## WORK INSTRUCTIONS
Only the lines from the one containing "The Yallourn branch" to the end of the listing below should be returned, exactly as written and without pictures.
----------
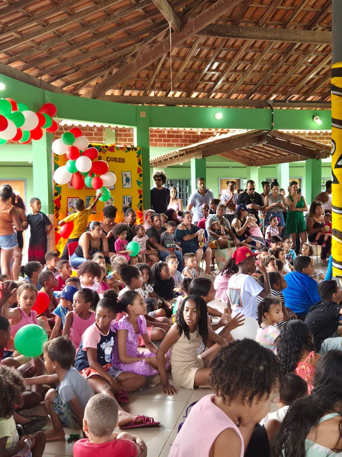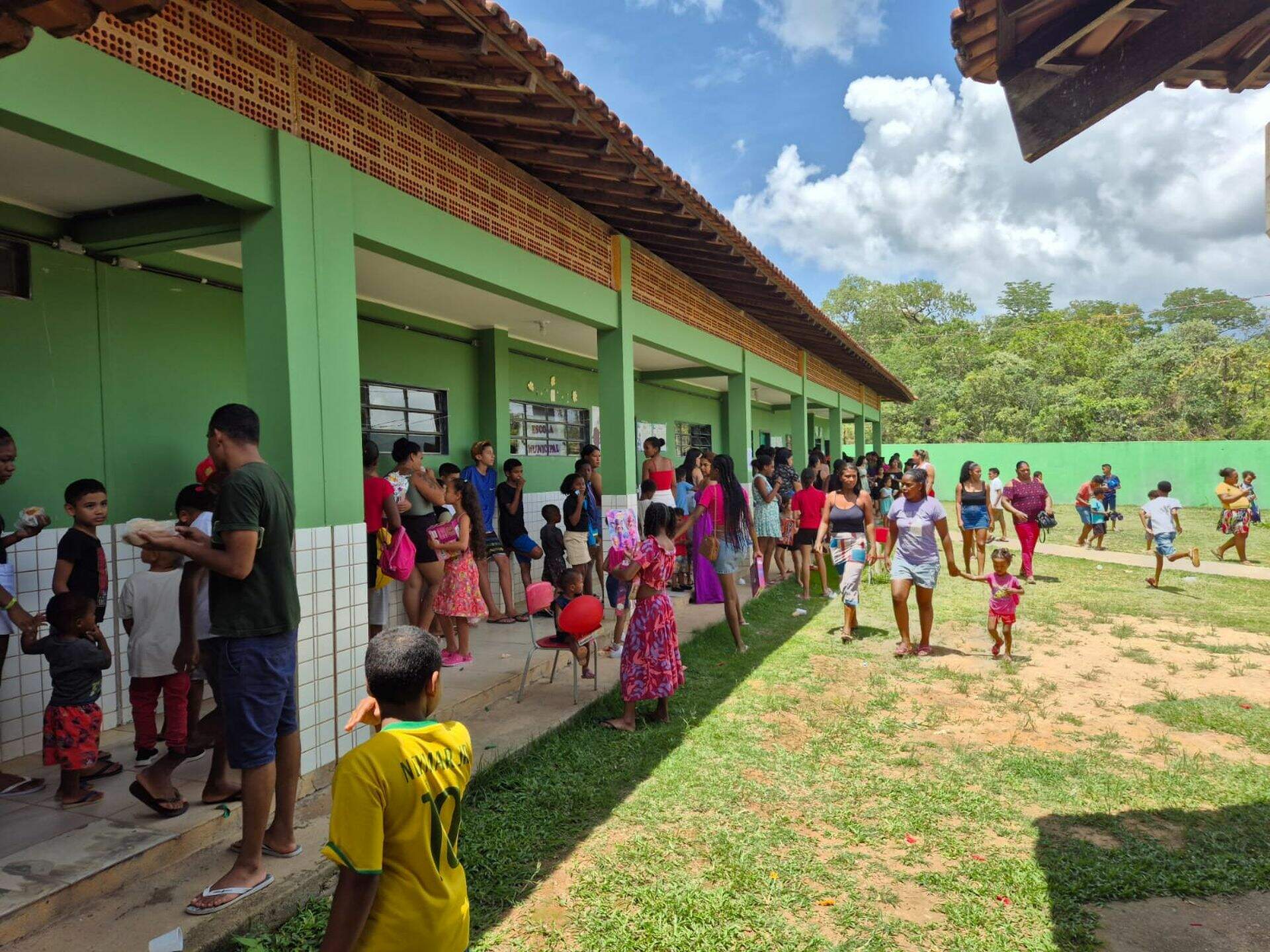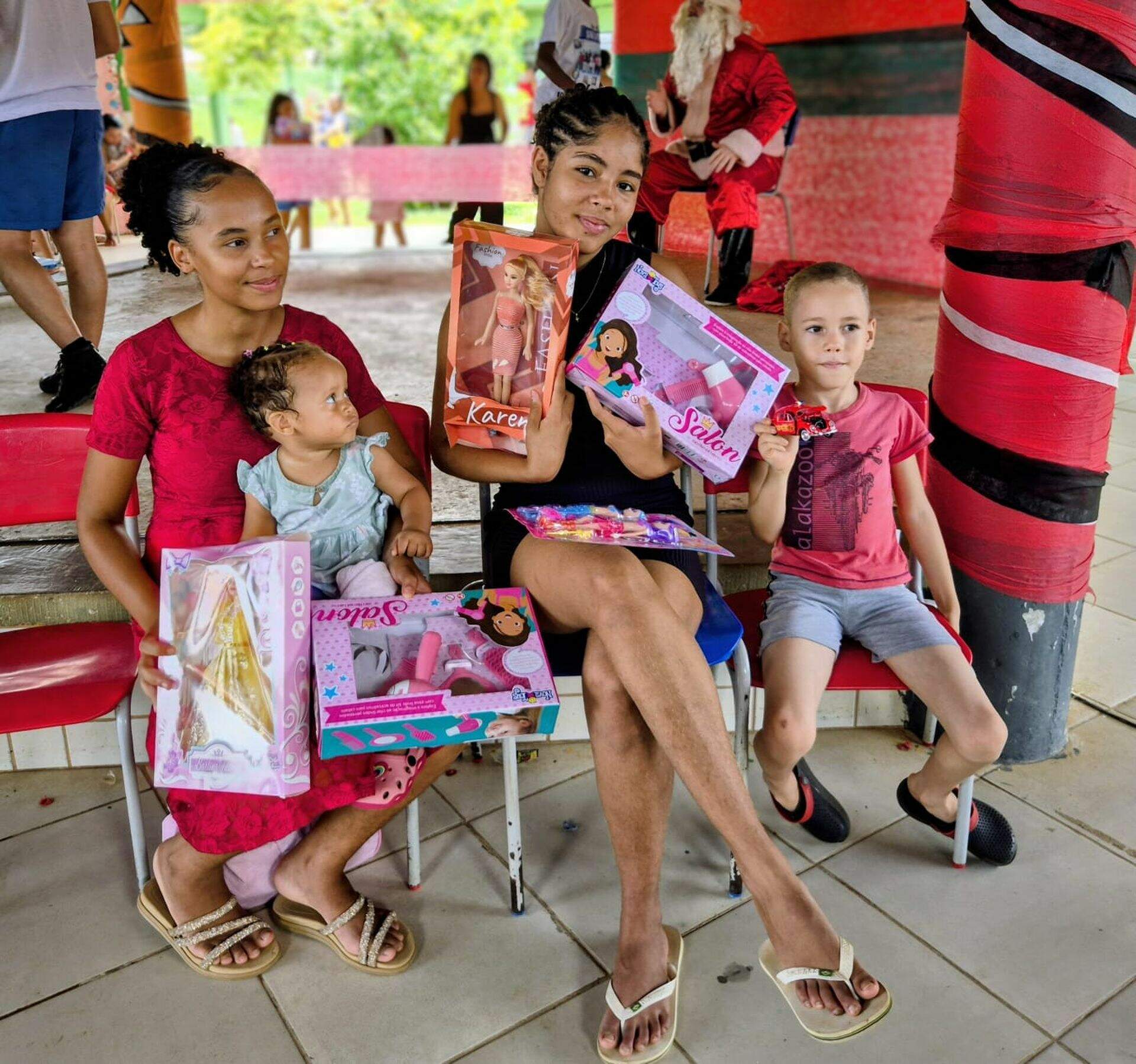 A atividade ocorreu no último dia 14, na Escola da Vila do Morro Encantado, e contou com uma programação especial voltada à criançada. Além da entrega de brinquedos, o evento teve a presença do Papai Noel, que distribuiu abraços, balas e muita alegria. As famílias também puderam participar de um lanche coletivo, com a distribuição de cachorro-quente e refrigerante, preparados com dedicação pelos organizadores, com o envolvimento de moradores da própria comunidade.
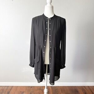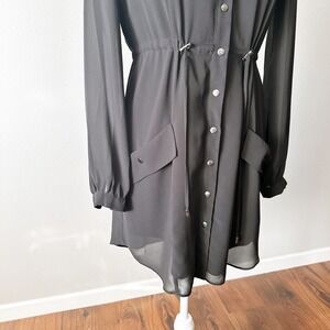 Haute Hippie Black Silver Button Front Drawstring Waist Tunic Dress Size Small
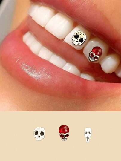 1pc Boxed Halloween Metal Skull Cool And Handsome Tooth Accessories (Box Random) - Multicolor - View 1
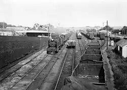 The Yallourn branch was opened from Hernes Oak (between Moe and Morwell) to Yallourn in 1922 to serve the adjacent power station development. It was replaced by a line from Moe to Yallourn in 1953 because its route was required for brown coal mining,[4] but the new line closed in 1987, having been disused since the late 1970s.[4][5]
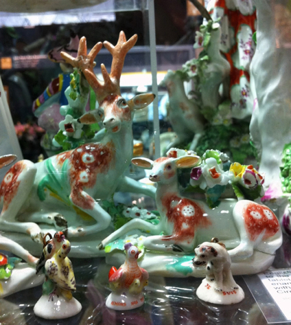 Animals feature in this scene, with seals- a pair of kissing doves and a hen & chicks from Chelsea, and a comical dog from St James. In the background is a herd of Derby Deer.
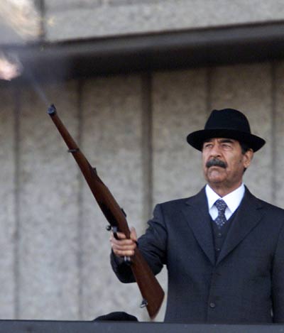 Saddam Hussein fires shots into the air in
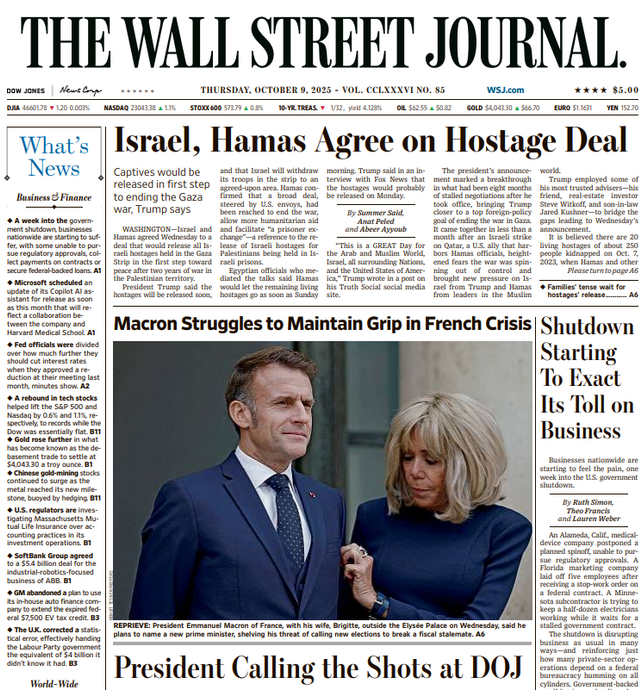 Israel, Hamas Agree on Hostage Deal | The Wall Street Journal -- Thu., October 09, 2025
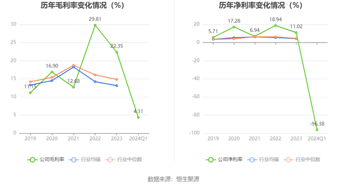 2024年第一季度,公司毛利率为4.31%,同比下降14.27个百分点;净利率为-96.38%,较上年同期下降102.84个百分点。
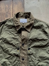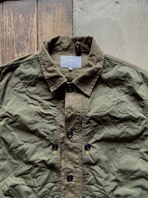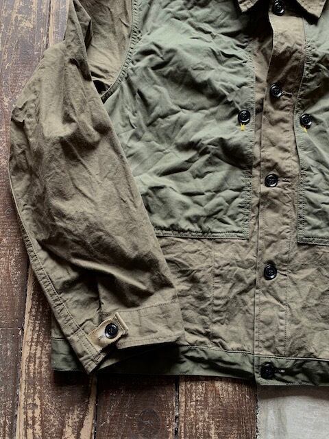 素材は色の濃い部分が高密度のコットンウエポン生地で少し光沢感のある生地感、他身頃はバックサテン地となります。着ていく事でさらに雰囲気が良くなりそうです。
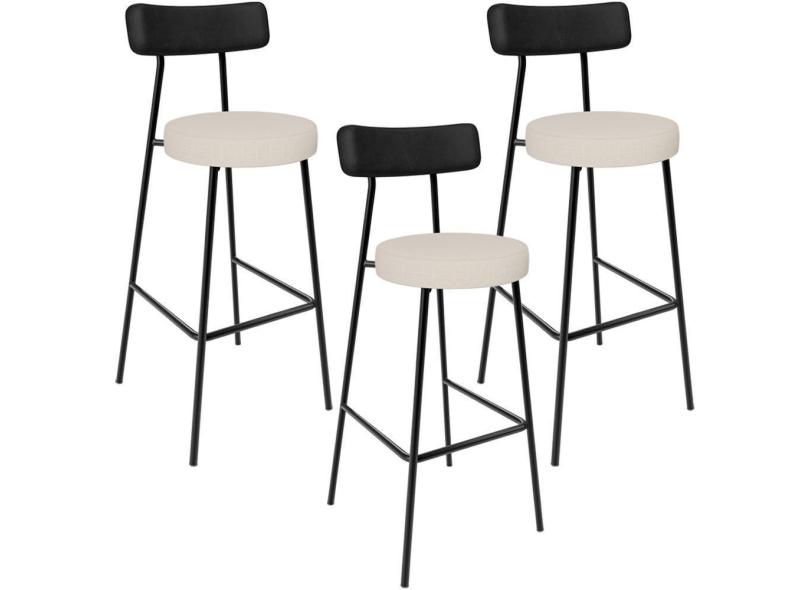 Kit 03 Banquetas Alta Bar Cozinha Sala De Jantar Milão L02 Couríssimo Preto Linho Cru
----------
## EXERCISE RESPONSE
 The Yallourn branch was opened from Hernes Oak (between Moe and Morwell) to Yallourn in 1922 to serve the adjacent power station development. It was replaced by a line from Moe to Yallourn in 1953 because its route was required for brown coal mining,[4] but the new line closed in 1987, having been disused since the late 1970s.[4][5]
 Animals feature in this scene, with seals- a pair of kissing doves and a hen & chicks from Chelsea, and a comical dog from St James. In the background is a herd of Derby Deer.
 Saddam Hussein fires shots into the air in
 Israel, Hamas Agree on Hostage Deal | The Wall Street Journal -- Thu., October 09, 2025
 2024年第一季度,公司毛利率为4.31%,同比下降14.27个百分点;净利率为-96.38%,较上年同期下降102.84个百分点。
 素材は色の濃い部分が高密度のコットンウエポン生地で少し光沢感のある生地感、他身頃はバックサテン地となります。着ていく事でさらに雰囲気が良くなりそうです。
 Kit 03 Banquetas Alta Bar Cozinha Sala De Jantar Milão L02 Couríssimo Preto Linho Cru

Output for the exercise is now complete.